If there is one thing that authoritarian populists understand, it is that war and the threat of terrorist attack can be used to destroy domestic opposition and rally the people around a charismatic leader. Margaret Thatcher was on course for electoral defeat before she led the U.K. to victory over Argentina in the Falklands War of 1982, following which she won the 1983 election by a large margin. Russian opinion rallied behind Putin when he started the Second Chechen War in 1999 on the premise that five recent bombings in Russia had been carried out by Chechen terrorists. (One retired U.S. general with extensive experience in Russia told me he believed the bombings were carried out by Putin’s security services, not by Chechens, and he is not alone in this belief.) And, of course, in the 1930s Hitler managed to eliminate domestic opposition and rally the formerly pluralistic society of Germany around him, first in response to the Reichstag fire—which was allegedly set by a foreign communist—and then by starting World War II. Nothing feeds authoritarianism like war.

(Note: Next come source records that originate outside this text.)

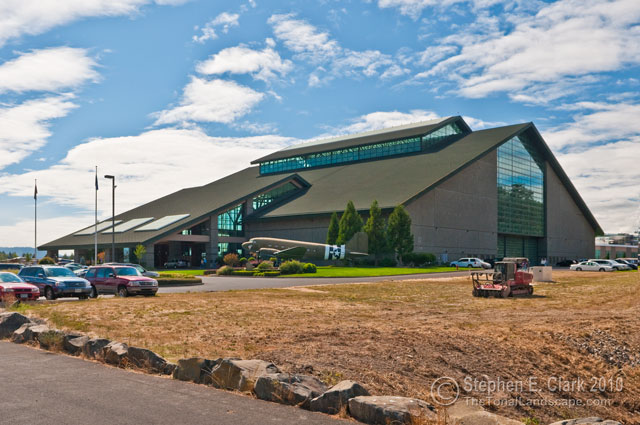 Perhaps McMinnville's greatest claim to fame is the Evergreen Aviation and Space Museum (http://sprucegoose.org/) where the one and only Spruce Goose is housed. The main entrance is to the left. The Space Museum is in a separate building on the far side of the parking lot out of site ot the left.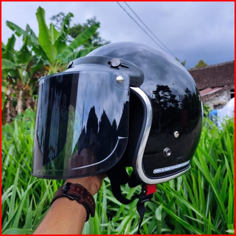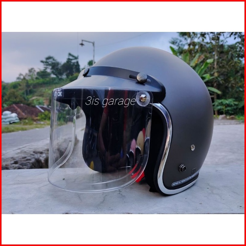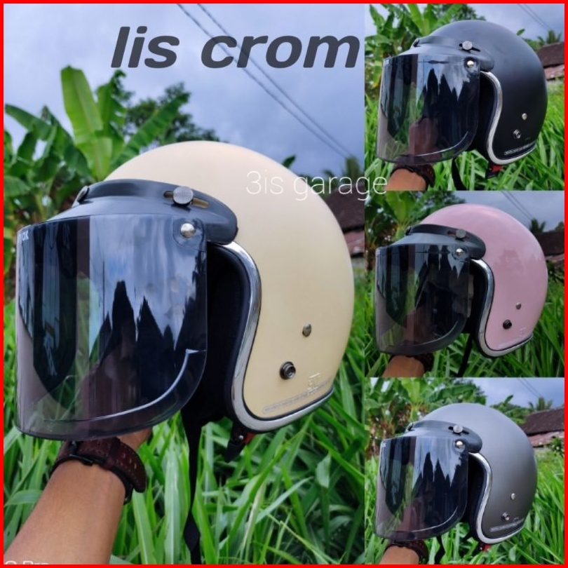 Helm Bogo Dewasa Helem Bogo Classic Helm Bogo Retro Pria Wanita Kaca Datar Sni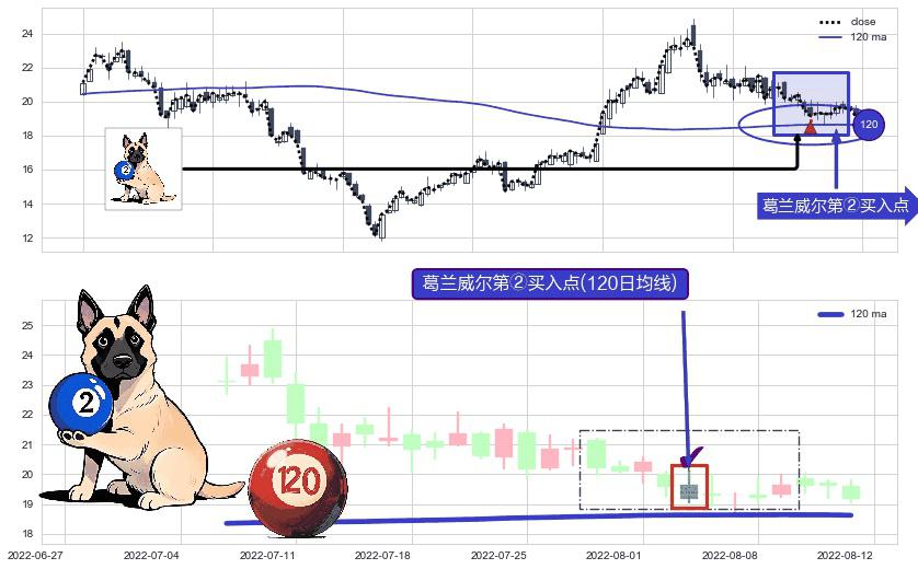 形态多维评估: ⚀ 2022-08-03-日显现 葛兰威尔均线 120日均线 第②买入点 上升趋势的中继信号,后市看涨,买进信号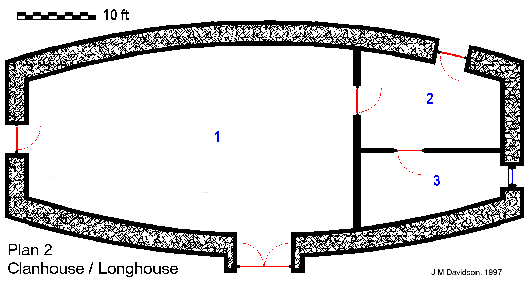 A thick walled longhouse, roughly 60 x 24 ft internally, divided into one large chamber and two smaller rooms. This sort of structure normality had stone or stone and turf walls and thatch or turf roof. The innkeep's clan would normally have accommodation in a neighbouring house. If this building has a cellar it is likely to be a small wooden chamber under the center of the hall.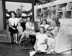 The Children's Hour with, left to right, Mrs. Harold Upton and son, Tommy, Mrs. T. P. Harrison and Bill. and Mrs. H. F. Hugos, Carolyn Hugos, front, and Sharon Hugos. Published in Fort Worth Star-Telegram morning edition, August 5, 1951.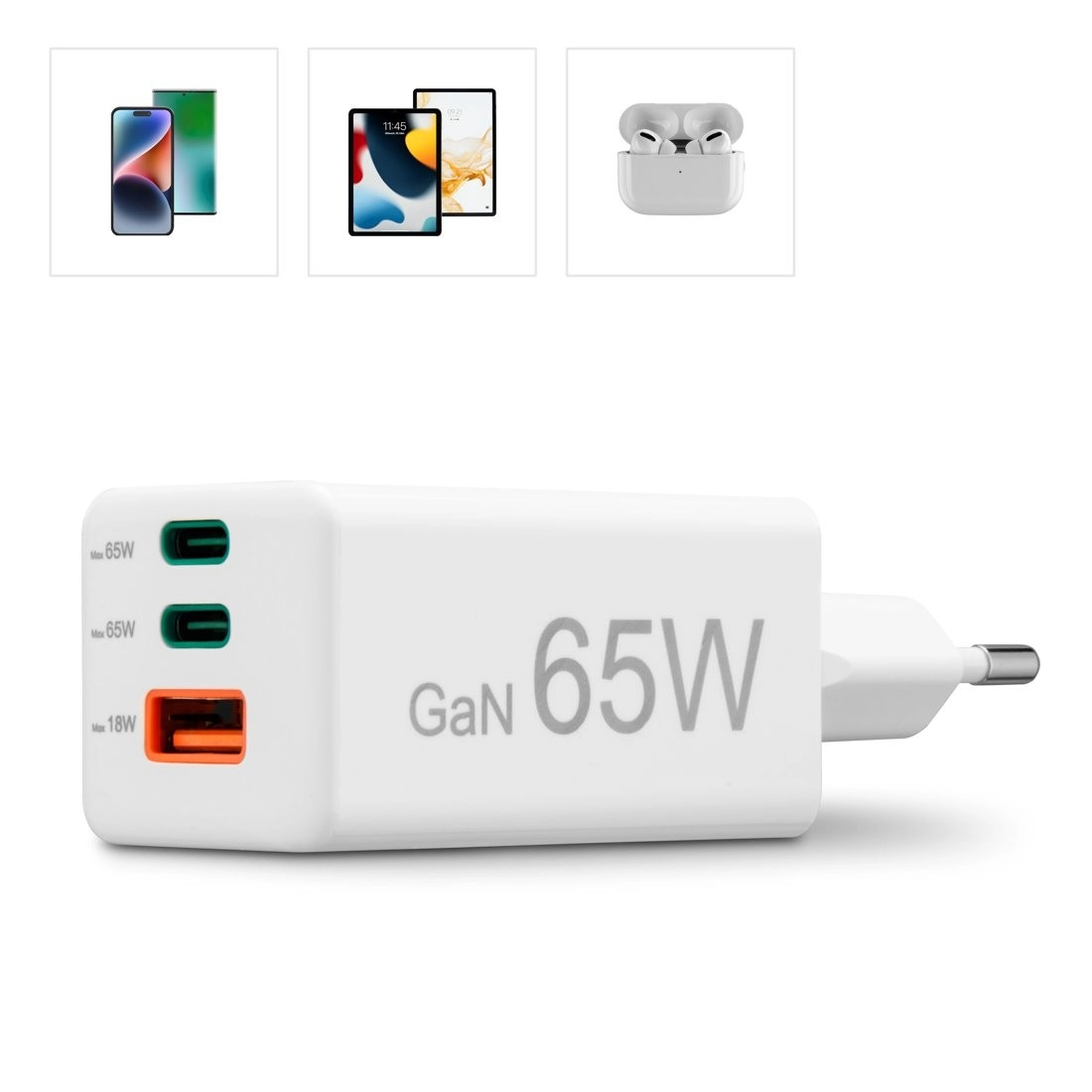 Moderne GaN‑chips zorgen voor hoge efficiëntie, minder warmte en een compact formaat met een vermogen tot 65 W voor snel opladen van smartphones, tablets en laptops.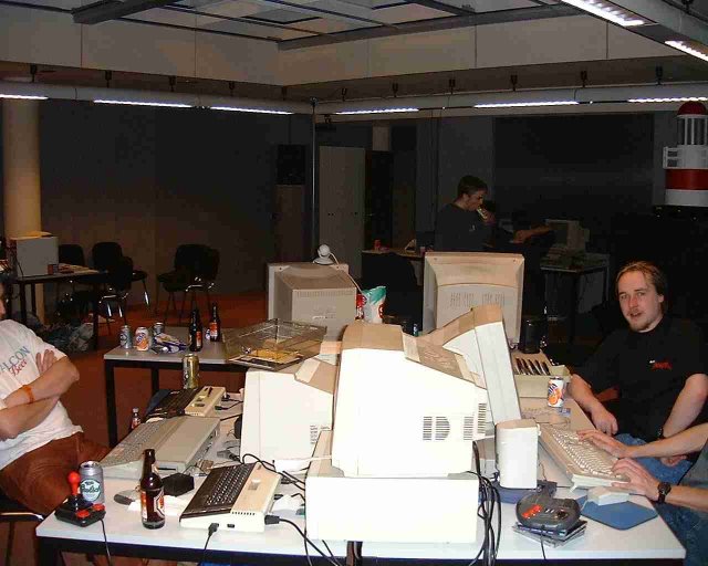 The auditorium. Left to right: Mad Butscher, Milhouse (in the back), ? (next to Milhouse), ? (black shirt with red logo), ? (arms only).

So we should be prepared for a deliberately entered war or the exploitation of a terrorist attack to consolidate Trump’s power and discredit domestic opposition. It looks as if Trump is already clearing the path ahead by pre-emptively blaming the media and the courts for any future terrorist attack. We can only rob this scenario of its anti-democratic force if we have identified it beforehand as a cynical power grab, and if—with the help of people of conscience in the intelligence agencies and the media—we expose it for what it is as it happens. In other words, the more we publicly declare that we are expecting Trump and his allies to attempt this move, the less power the move will have if and when they make it.